Modern mainstream economics is a bit off as a result of too much inbreeding. Specifically, my argument is that the gene pool of economists in the replicator dynamics of the profession is too small to prevent undesirable recessive traits from showing up in mainstream economists from time to time.

Recall that I describe Stan Fischer as the Genghis Khan of macroeconomics, because essentially every macroeconomist is descended from him.

*self-recommending is a Tyler Cowen term, which I recall he defined as a project that by virtue of the topic and author is likely to be worth reading.

A Robot Cambrian Explosion?

The Journal of Economic Perspectives, which Timothy Taylor has been editing since its inception, has a symposium on robotics. One of the articles is by Gill A. Pratt.

The exponential growth in computing and storage performance has led researchers to explore memory-based methods of solving the perception, planning, and control problems relevant to the development of additional degrees of robot autonomy. Instead of decomposing these tasks into a set of hand-coded algorithms customized for particular circumstances, large numbers of memories of prior experiences can be searched, and a solution based on matching prior experience is used to guide response.

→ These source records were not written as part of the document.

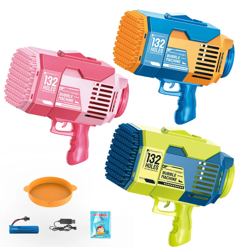 Hot Gatling Bubble Gun Toy 132/69/64/44Hole Charging Electric Automatic Bubble Machine Summer Outdoor Soap Water Children Toys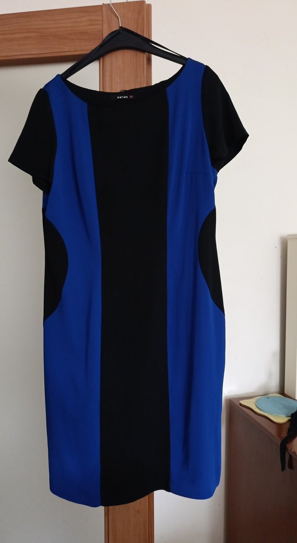Drapeli tasarımıyla mavi ve siyah renklerde, kısa kollu ve bisiklet yaka, ofis için uygun, vücuda oturan midi kalem elbise.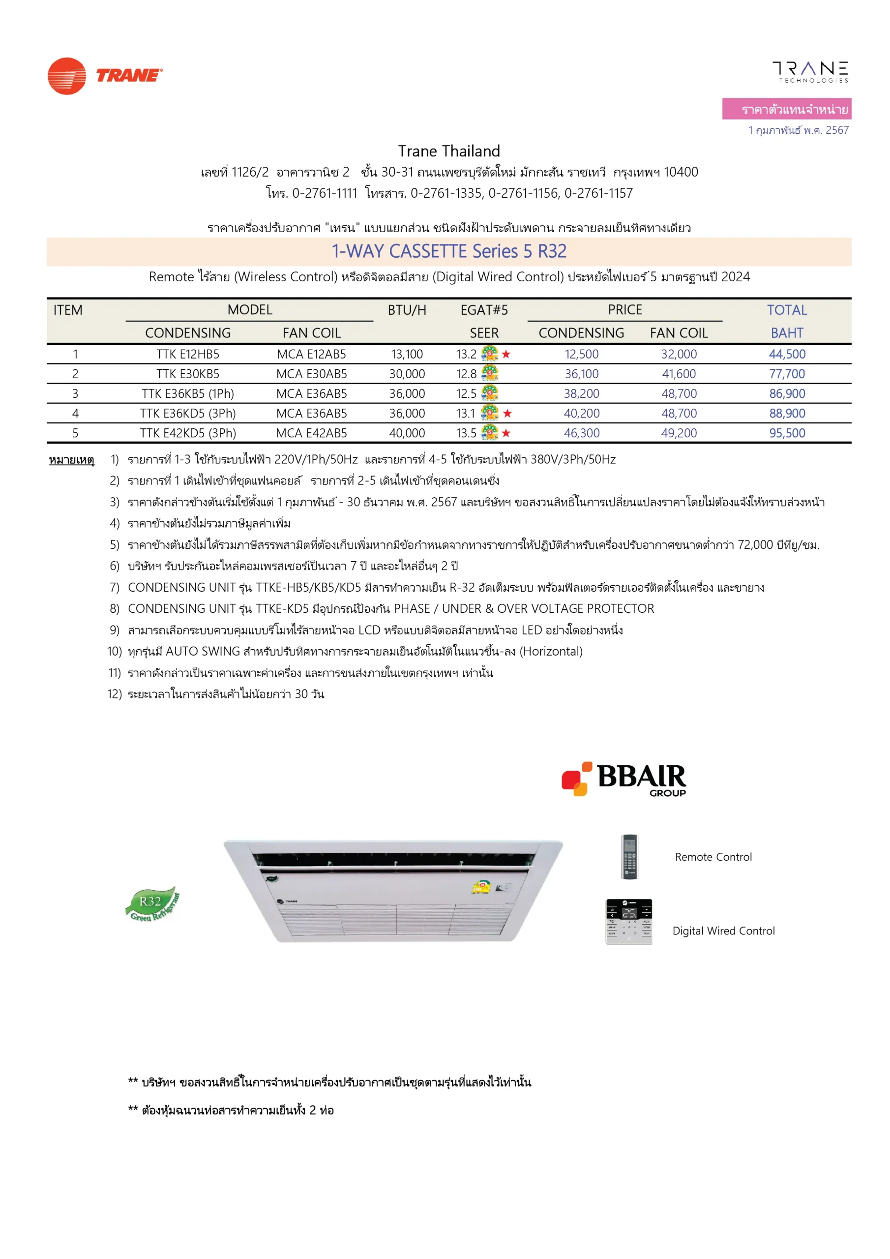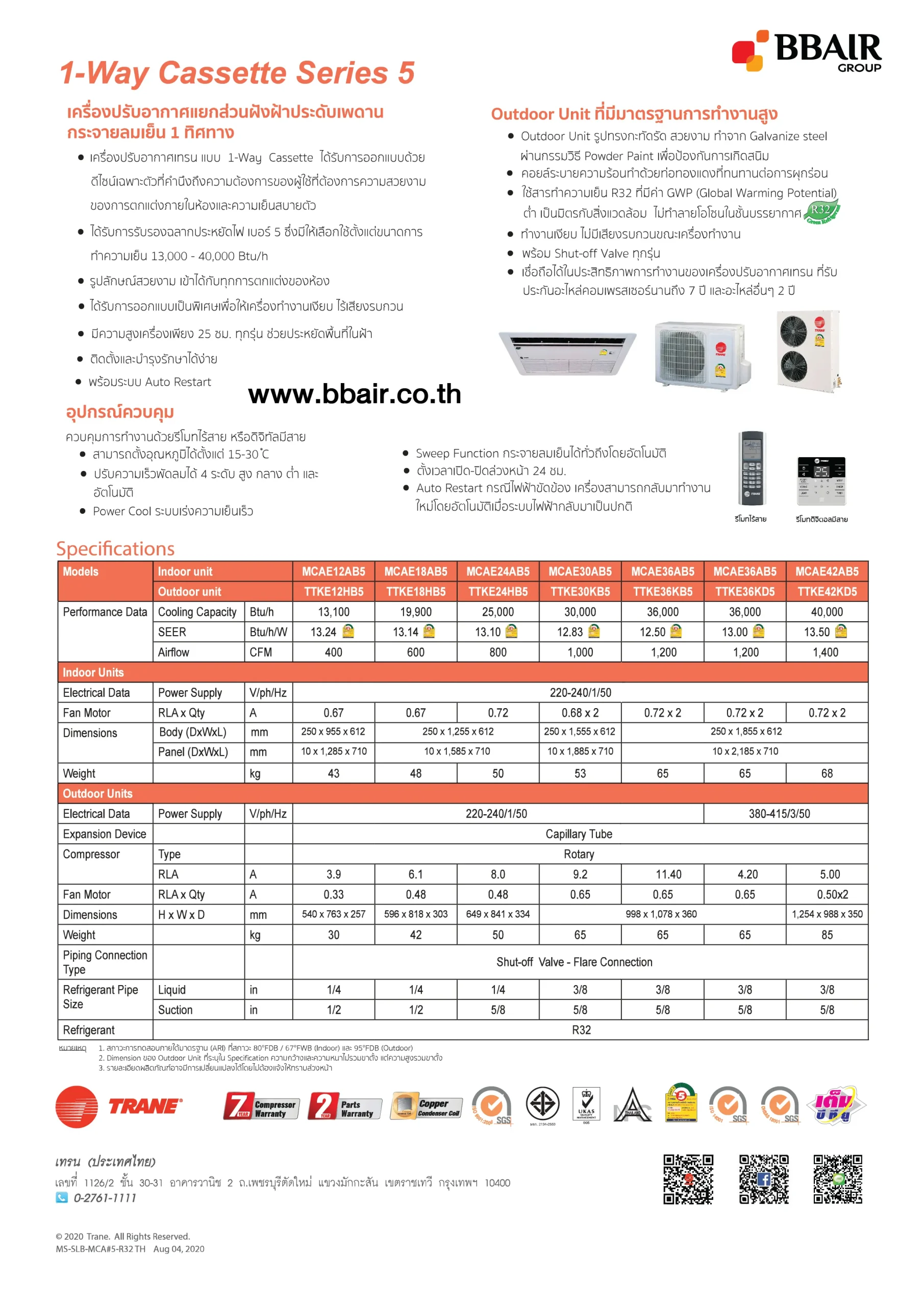 คุณสมบัติสินค้าของแอร์เทรน แบบ 1 ทิศทาง เบอร์ 5 1-WAY CASSETTE SERIES 5 น้ำยาแอร์ R-32

… human beings communicate externally with one another relatively slowly, at rates on the order of 10 bits per second. Robots, and computers in general, can communicate at rates over one gigabit per second—or roughly 100 million times faster. Based on this tremendous difference in external communication speeds, a combination of wireless and Internet communication can be exploited to share what is learned by every robot with all robots. Human beings take decades to learn enough to add meaningfully to the compendium of common knowledge. However, robots not only stand on the shoulders of each other’s learning, but can start adding to the compendium of robot knowledge almost immediately after their creation.

He does not predict when it will occur, but he thinks that at some point these sorts of capabilities will result in a rapid increase in robot intelligence.